A morning call to worship

POSTED ON 2013-11-08
  by Heidi Goud

Wusaraambya men gather to begin the morning worship service.

Church, to the Wusaraambya believers, is a time of fellowshipping and focusing on God. It begins around 10 a.m. or whenever everyone can make it to the river to wash up, put on their only other set of clothes (if they have a spare) and make the trek from scattered homes high up in the surrounding mountain ridges to the little church building.

The ringing of the “bell” – a clanging of a stick against a scrap piece of metal found at a World War II outpost several hours walk away – signals the opening of the church doors around 9:30 a.m. Then the music starts as young men trickle in, chewing on their sweet potatoes and cooking bananas, and strumming eagerly on their guitars to signify the morning call to worship.

Soon, the women begin to join the mix. They sit outside at first, talking and giggling together as they wait for enough women to make their entrance appropriate.

Around 10 a.m. there are enough women to join the men so they eagerly swarm into the church and join with the happy voices of the men in praising God. Soon the church is packed full of men, women and children eagerly expecting to hear God’s Word.

The Bible teachers start the church service with prayer, because the most important part of every church service is talking to God.

The Bible teacher then spends time reviewing a lesson from the week before, making sure that the congregation not only remembers the lesson, but that they have put the lesson into practice throughout the week. Members of the church, both young and old, are invited to give feedback from their lives about how they have applied the message and what challenges they faced.

Next, the Bible teacher proceeds to share theological truth from books like Romans and Ephesians. These messages are delivered completely from memory and are the product of countless hours of study and prayer. 

They build on the foundation laid by an in-depth study of the Firm Foundations lessons which give a chronological teaching of the Bible from Creation to Christ – twice, once for evangelism and then for discipleship – and teach about church discipline and the Christian walk from Acts and the Epistles.

The Bible teacher then prays for the congregation to digest the message he just presented them with; he also prays that they will have the courage to apply it. This truth is not for the young believers, he knows, but for those who already know the foundational truth and who are ready to go deeper in their walk with God. This journey is not for the faint of heart.

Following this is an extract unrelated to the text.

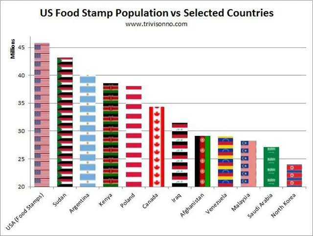 Z těchto čísel vyplývá, že více než 14 % Američanů je odkázáno na potravinovou pomoc, což znamená, že každý sedmý občan USA není schopen se sám uživit. Mezi jednotlivými státy v rámci USA samozřejmě jsou velké rozdíly. Přes 20 % lidí pobírá pomoc ve státech Mississippi a Nové Mexiko, špatně jsou na tom také Oregon, Tennessee, Západní Virginie a státy na jihovýchodě země. Nejlépe jsou na tom státy v oblasti středozápadu.
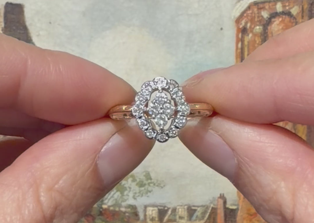 A vintage 14 carat yellow and white gold ring with 16 brilliant cut diamonds in an open navette style cluster setting. The ring is hallmarked for the City of Birmingham and the year 1988.

The Bible teacher then again opens the floor to discussion. Members of the congregation pepper him with questions about how to apply biblical truth to practical life situations. It is now around 2 p.m. The discussion goes for another hour. The camaraderie amongst the believers grows as they prepare to do battle with the forces of evil in the heavenly realms.

The church service finally ends around 3 p.m. and is followed by a time of fellowship and of eating food together as believers. Then the Wusaraambyans disperse to each others’ homes for more fellowship and discussion.

Sunday is a day of prayer and fellowship. And as Bible teacher Willis says, “What else would be do on our Sunday but get together and worship God?”